::: Input data

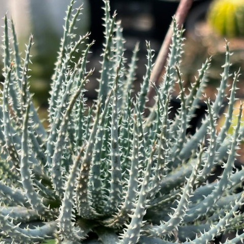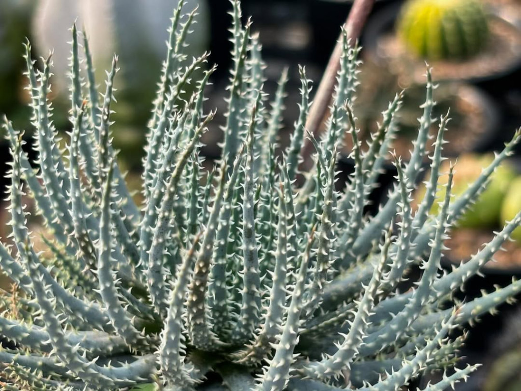 Aloe florenceae, Asphodelaceae familyasına ait, kompakt rozet yapısı ve yoğun dikenli yaprak dokusu ile ayırt edilen küçük boyutlu bir Aloe türüdür. Genellikle gövdesiz gelişim gösterir ve zamanla dipten sürgün vererek kümelenme eğilimi oluşturabilir. Tür, özellikle yoğun yaprak dizilimi ve sert dokulu yüzeyi nedeniyle koleksiyon bitkileri arasında yer alır. Aloe florenceae yaprakları dar, üçgensi ve sivri uçlu formdadır. Yapraklar rozet merkezinden yoğun ve sık şekilde çıkarak kompakt bir yapı oluşturur. Renk çoğunlukla gri-yeşil veya mavimsi yeşil tonlardadır. Yaprak yüzeyi boyunca kabartılı küçük çıkıntılar ve pütürlü bir doku bulunur. Bu yapı bitkiye sert ve dikenli bir görünüm kazandırır. Yaprak kenarları boyunca belirgin, düzenli aralıklarla yerleşmiş küçük dişler bulunur. Bu dişler genellikle açık renkli olup yaprak yüzeyindeki kabartılarla birlikte bitkinin karakteristik formunu oluşturur. Yüksek ışık koşullarında yaprak uçlarında ve kenarlarında hafif kızıl tonlanmalar gözlemlenebilir. Çiçeklenme döneminde Aloe florenceae, rozet merkezinden ince bir çiçek sapı geliştirir. Bu sap üzerinde küçük, tüp formunda çiçekler oluşur. Çiçek rengi çoğunlukla turuncu veya sarı tonlarındadır. Çiçekler salkım şeklinde dizilir ve genellikle dik ya da hafif eğimli bir yapı gösterir. Çiçeklenme çoğunlukla ilkbahar aylarında gerçekleşir. Çiçek oluşumu, bitkinin yeterli ışık alması ve olgunluk seviyesine ulaşması ile ilişkilidir.
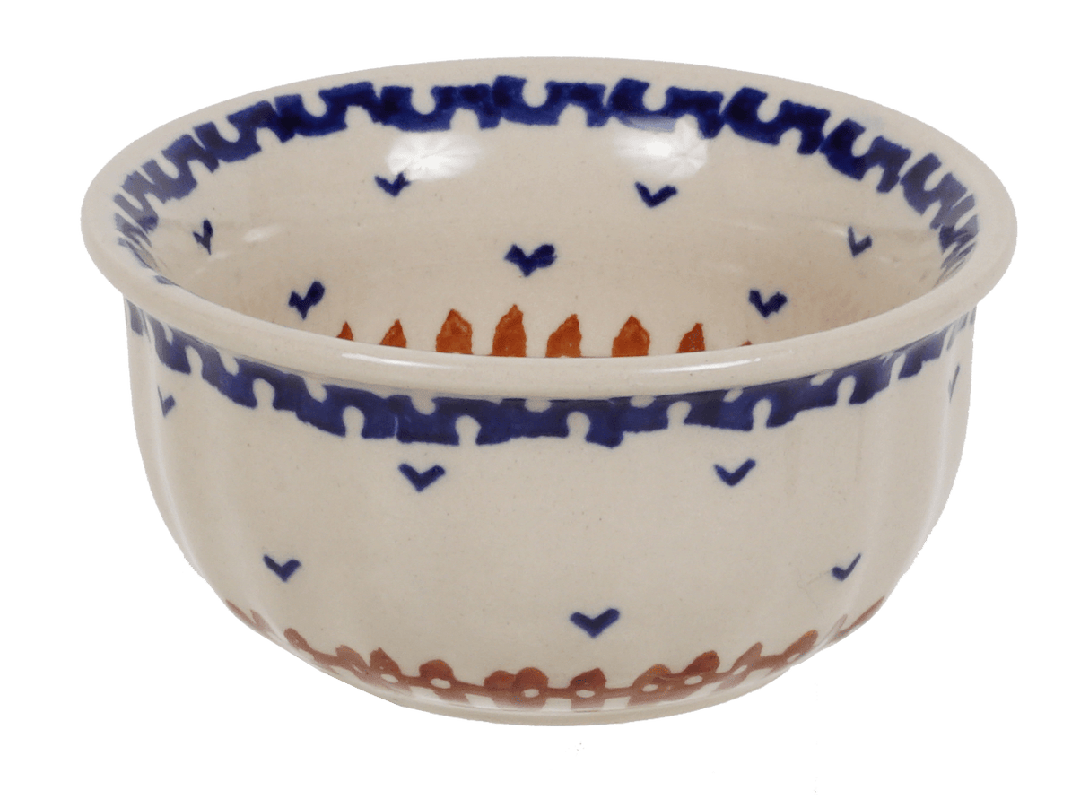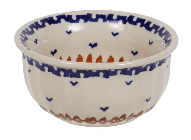 Introducing the enchanting Manufaktura Polish Pottery Bowl, a delightful addition to any home! Crafted with passion in the heart of Boleslawiec, Poland, this 3.5" round bowl dazzles in the "American Dream" pattern, a design that captivates the eye with its intricate floral and fence motifs. Each bowl is a canvas, featuring a serene blue background dotted with delicate white specks, encircled by vibrant green grass, charming tiny orange flowers, and a quaint brown fence. This traditional piece is adorned with small blue circumflexes that sprinkle joy across the surface, making it not just a bowl, but a masterpiece of home decor.
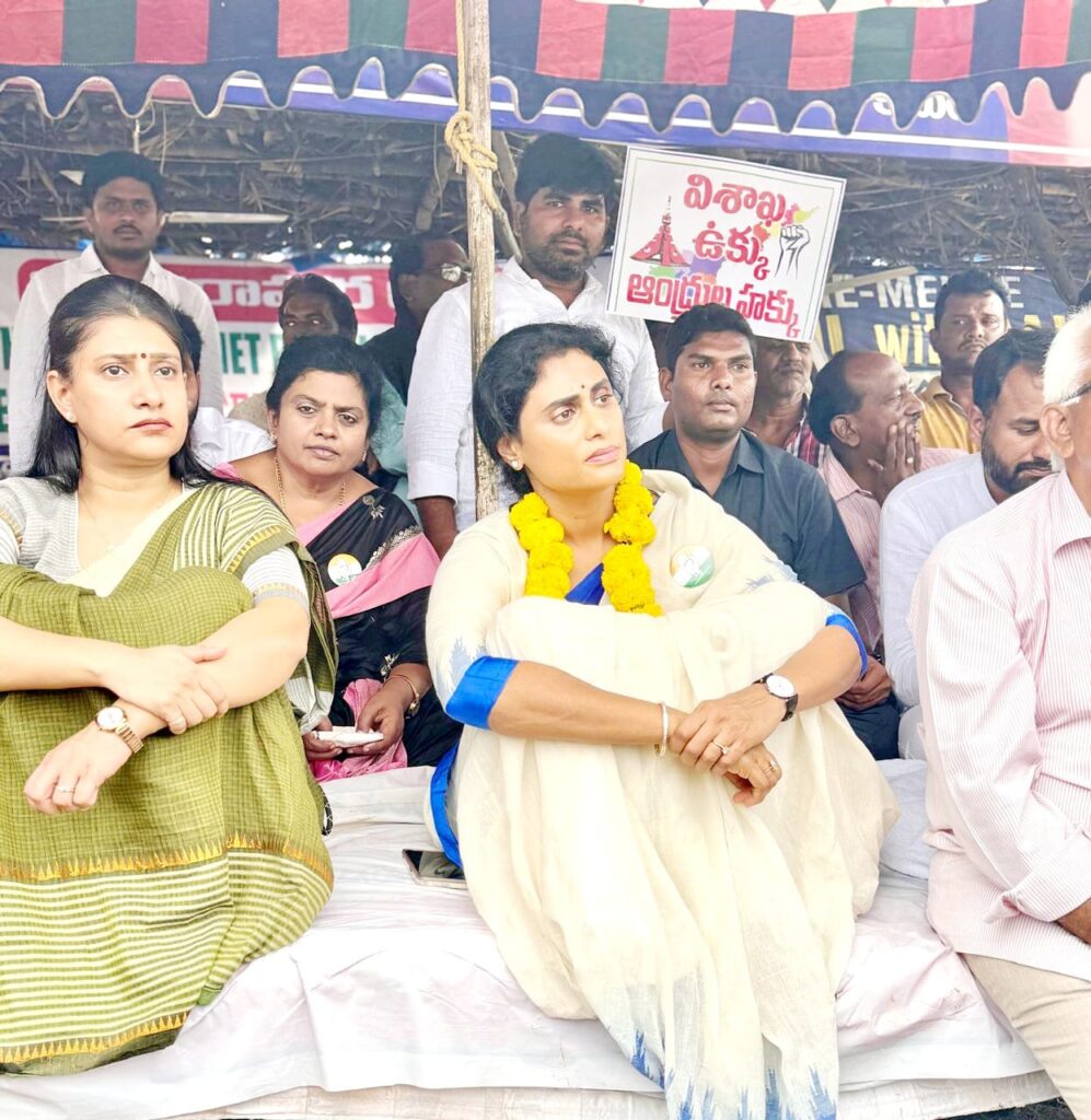 విశాఖ స్టీల్ కర్మాగారంలో కార్మికుల తొలగింపు — వై.ఎస్. షర్మిల అమరణ నిరాహార దీక్షకు కాంగ్రెస్ మద్దతు
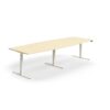 Stół konferencyjny z regulacją wysokości, kształt łodzi, 3200×1200 mm, srebrna rama, dąb
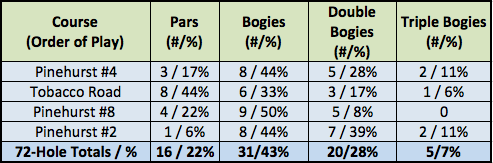 If I look at my pars, bogies, etc. by course (which is a stat in GHIN if you post hole-by-hole with stats), I’m really happy with the results for the four rounds (72 holes) resulting in 65% Bogies or Better (Pars 22% and Bogies 43%).

::::::

Your assignment |
Transcribe each line above verbatim, with the pictures left out.

Solution to the problem |
 Aloe florenceae, Asphodelaceae familyasına ait, kompakt rozet yapısı ve yoğun dikenli yaprak dokusu ile ayırt edilen küçük boyutlu bir Aloe türüdür. Genellikle gövdesiz gelişim gösterir ve zamanla dipten sürgün vererek kümelenme eğilimi oluşturabilir. Tür, özellikle yoğun yaprak dizilimi ve sert dokulu yüzeyi nedeniyle koleksiyon bitkileri arasında yer alır. Aloe florenceae yaprakları dar, üçgensi ve sivri uçlu formdadır. Yapraklar rozet merkezinden yoğun ve sık şekilde çıkarak kompakt bir yapı oluşturur. Renk çoğunlukla gri-yeşil veya mavimsi yeşil tonlardadır. Yaprak yüzeyi boyunca kabartılı küçük çıkıntılar ve pütürlü bir doku bulunur. Bu yapı bitkiye sert ve dikenli bir görünüm kazandırır. Yaprak kenarları boyunca belirgin, düzenli aralıklarla yerleşmiş küçük dişler bulunur. Bu dişler genellikle açık renkli olup yaprak yüzeyindeki kabartılarla birlikte bitkinin karakteristik formunu oluşturur. Yüksek ışık koşullarında yaprak uçlarında ve kenarlarında hafif kızıl tonlanmalar gözlemlenebilir. Çiçeklenme döneminde Aloe florenceae, rozet merkezinden ince bir çiçek sapı geliştirir. Bu sap üzerinde küçük, tüp formunda çiçekler oluşur. Çiçek rengi çoğunlukla turuncu veya sarı tonlarındadır. Çiçekler salkım şeklinde dizilir ve genellikle dik ya da hafif eğimli bir yapı gösterir. Çiçeklenme çoğunlukla ilkbahar aylarında gerçekleşir. Çiçek oluşumu, bitkinin yeterli ışık alması ve olgunluk seviyesine ulaşması ile ilişkilidir.
 Introducing the enchanting Manufaktura Polish Pottery Bowl, a delightful addition to any home! Crafted with passion in the heart of Boleslawiec, Poland, this 3.5" round bowl dazzles in the "American Dream" pattern, a design that captivates the eye with its intricate floral and fence motifs. Each bowl is a canvas, featuring a serene blue background dotted with delicate white specks, encircled by vibrant green grass, charming tiny orange flowers, and a quaint brown fence. This traditional piece is adorned with small blue circumflexes that sprinkle joy across the surface, making it not just a bowl, but a masterpiece of home decor.
 విశాఖ స్టీల్ కర్మాగారంలో కార్మికుల తొలగింపు — వై.ఎస్. షర్మిల అమరణ నిరాహార దీక్షకు కాంగ్రెస్ మద్దతు
 Stół konferencyjny z regulacją wysokości, kształt łodzi, 3200×1200 mm, srebrna rama, dąb
 If I look at my pars, bogies, etc. by course (which is a stat in GHIN if you post hole-by-hole with stats), I’m really happy with the results for the four rounds (72 holes) resulting in 65% Bogies or Better (Pars 22% and Bogies 43%).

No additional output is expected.